*Recorded data*.
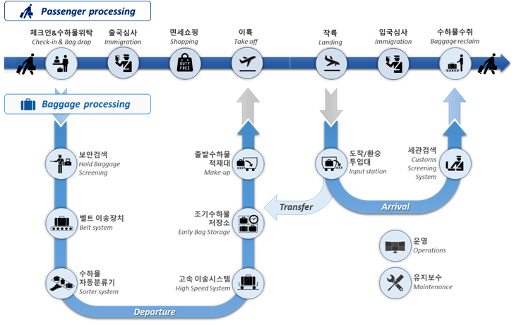 - 수하물 수취대 : 수하물 도착 공간의 효율적인 운영을 위해 모듈식, 저소음 캐로셀(Carousel) 맞춤 제작
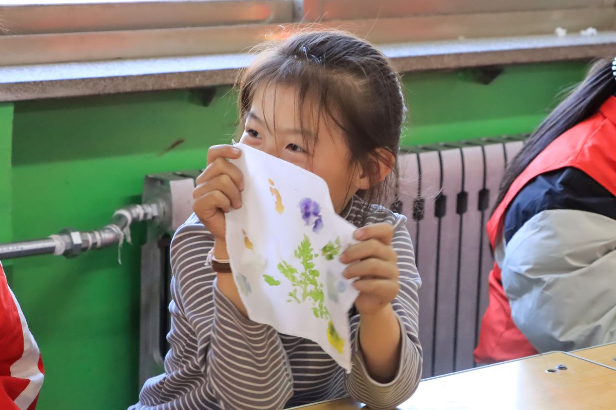 在植物拓染环节,志愿者们将新鲜树叶、花朵和白色手帕一一分发给孩子们,并细致讲解每种植物的形态特征。他们俯下身来,手把手指导孩子如何摆放植物、固定位置、控制敲击力度。随着一声声轻柔的敲击,叶脉的纹理渐渐显现在手帕上。志愿者们不时为孩子们的创意赞叹,也细心帮助遇到困难的孩子。当一件件独一无二的拓印作品完成时,孩子们脸上绽放的笑容,正是对志愿者的付出最好的回应。
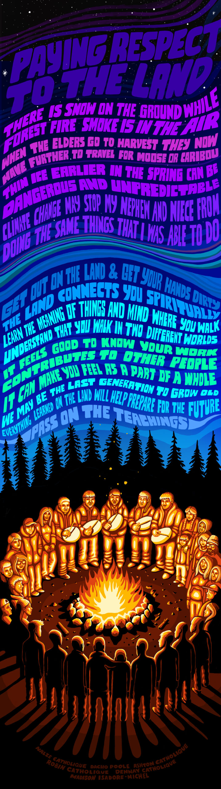 For the young people, respect is both a value and a practice. It involves everything from cleaning up after yourself to ensuring against over-harvesting. Respect also involves repaying the land through prayer, spruce boughs, and tobacco offerings. In the face of climate change, paying respect means learning to “read the land” and adapt to changes by learning from Elders’ stories and archives of Dene knowledge. The camps helped young people read the land and learn to care for it.

*Aim of the task*.
Output the listing word for word. Drop the pictures.

*Exercise response*.
 - 수하물 수취대 : 수하물 도착 공간의 효율적인 운영을 위해 모듈식, 저소음 캐로셀(Carousel) 맞춤 제작
 在植物拓染环节,志愿者们将新鲜树叶、花朵和白色手帕一一分发给孩子们,并细致讲解每种植物的形态特征。他们俯下身来,手把手指导孩子如何摆放植物、固定位置、控制敲击力度。随着一声声轻柔的敲击,叶脉的纹理渐渐显现在手帕上。志愿者们不时为孩子们的创意赞叹,也细心帮助遇到困难的孩子。当一件件独一无二的拓印作品完成时,孩子们脸上绽放的笑容,正是对志愿者的付出最好的回应。
 For the young people, respect is both a value and a practice. It involves everything from cleaning up after yourself to ensuring against over-harvesting. Respect also involves repaying the land through prayer, spruce boughs, and tobacco offerings. In the face of climate change, paying respect means learning to “read the land” and adapt to changes by learning from Elders’ stories and archives of Dene knowledge. The camps helped young people read the land and learn to care for it.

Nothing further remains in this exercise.